PROBLEM: Output the lines from the top of the entries below to the line with "Coppia di vasi", both included, exactly and without pictures.

(Source data)
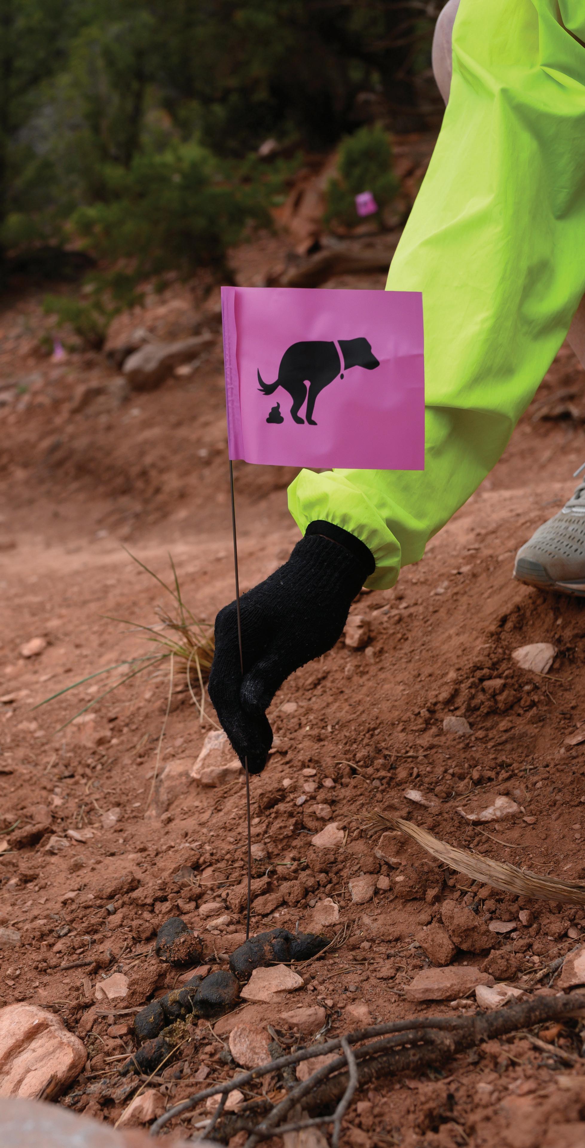 Hikers, bikers and dog walkers who may otherwise ignore the proliferation of poo will not be able to so easily tune out the presence of over 600 purple flags marking each and every turd volunteers have identified within a quarter mile of the trailhead.
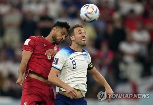 England's Harry Kane, right, jumpss for the ball with Iran's Morteza Pouraliganji during the World Cup group B soccer match between England and Iran at the Khalifa International Stadium in Doha, Qatar, Monday, Nov. 21, 2022. (AP Photo/Frank Augstein)
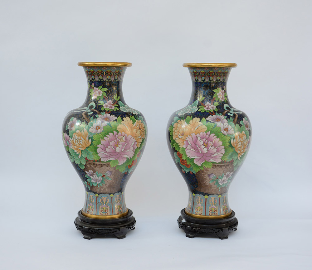 Coppia di vasi cloisonné decorati con motivi floreali su fondo blu, con basi in legno (lievi difetti) Cina, sec. XX (h. 59 cm.)
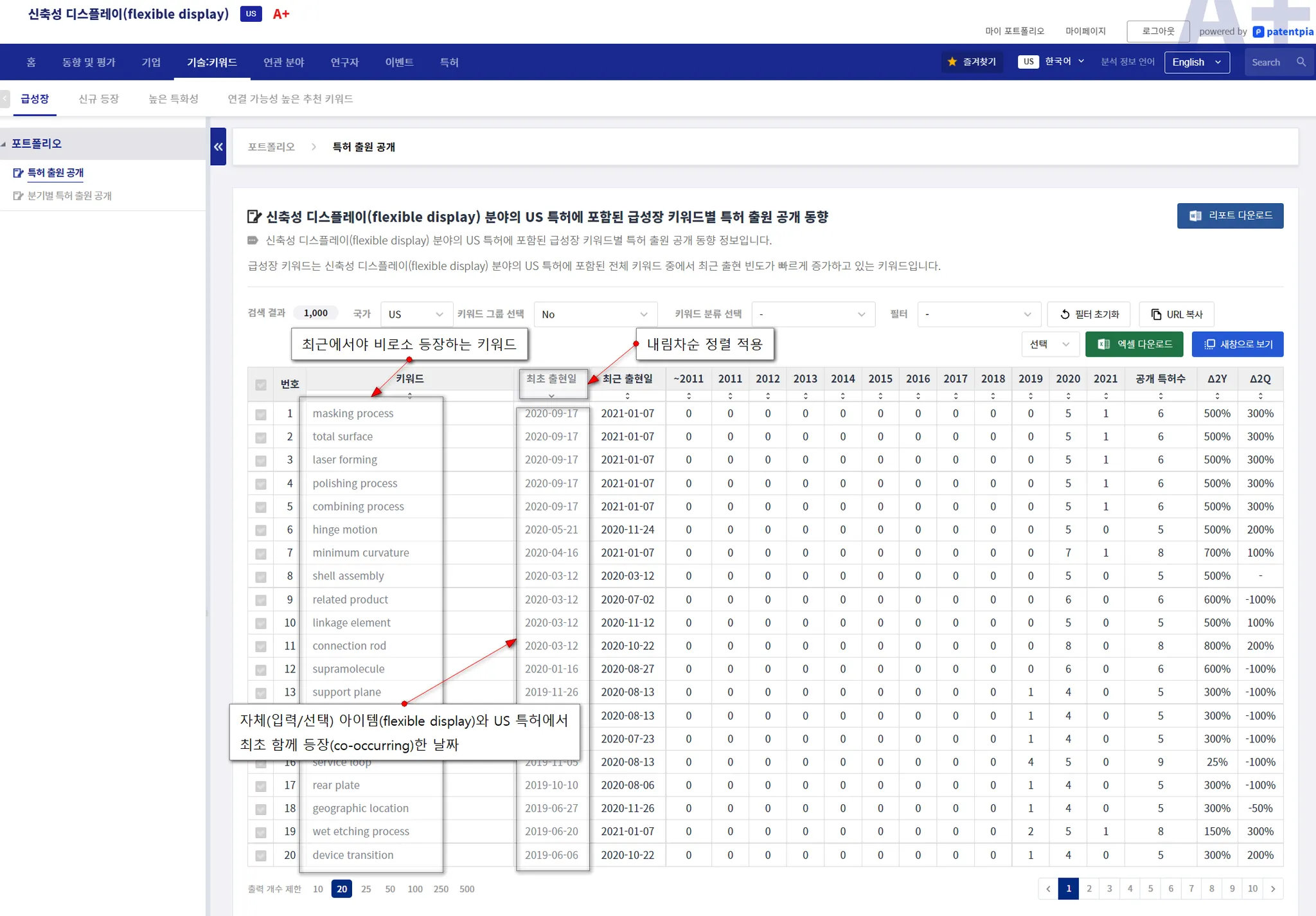 키워드 분석 화면 등에서는 "최초 출현일"이나 "최근 출현일"이 나타납니다. "최초 출현일"을 역순으로 선택하면, 가장 최근에서야 비로소 등장하는 키워드 등의 아이템이 나타납니다. 키워드 분석 화면에 이 소팅을 적용하면, 원 클릭만으로 테크 센싱 결과를 획득할 수 있습니다.
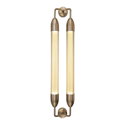 Lamp MastersThe Lemon Squeeze Wall Light Double Long Plated Brass from UMAGE is an elegant addition to your home. This wall light from UMAGE combines modern elegance with classic elements, making it a perfect choice for any interior. Made of metal, glass and plastic in a beautiful brass colour, the lamp measures 18.5 cm in width, 94.0 cm in height and 16.2 cm in depth. The unique Lemon Squeeze collection is known for its extruded glass with characteristic grooves that catch the light in a unique way. A diffuser tube in the centre ensures gentle and even lighting, creating a calm and harmonious atmosphere. The sculptural metal accents add a discreet sophistication with a touch of decorative charm. Designed by Søren Ravn Christensen, this lamp fits perfectly into any room, whether in the living room, hallway or for a cosy evening atmosphere..
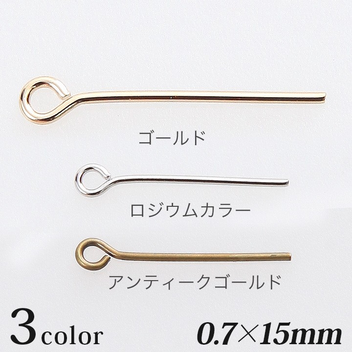 ピンにパーツを通し先端を丸め、パーツとパーツをつなげるのに使用します。ピンを丸める部分は7〜8mm必要ですので、パーツのサイズに合わせて長さをお選びください。

RESPONSE:
 Hikers, bikers and dog walkers who may otherwise ignore the proliferation of poo will not be able to so easily tune out the presence of over 600 purple flags marking each and every turd volunteers have identified within a quarter mile of the trailhead.
 England's Harry Kane, right, jumpss for the ball with Iran's Morteza Pouraliganji during the World Cup group B soccer match between England and Iran at the Khalifa International Stadium in Doha, Qatar, Monday, Nov. 21, 2022. (AP Photo/Frank Augstein)
 Coppia di vasi cloisonné decorati con motivi floreali su fondo blu, con basi in legno (lievi difetti) Cina, sec. XX (h. 59 cm.)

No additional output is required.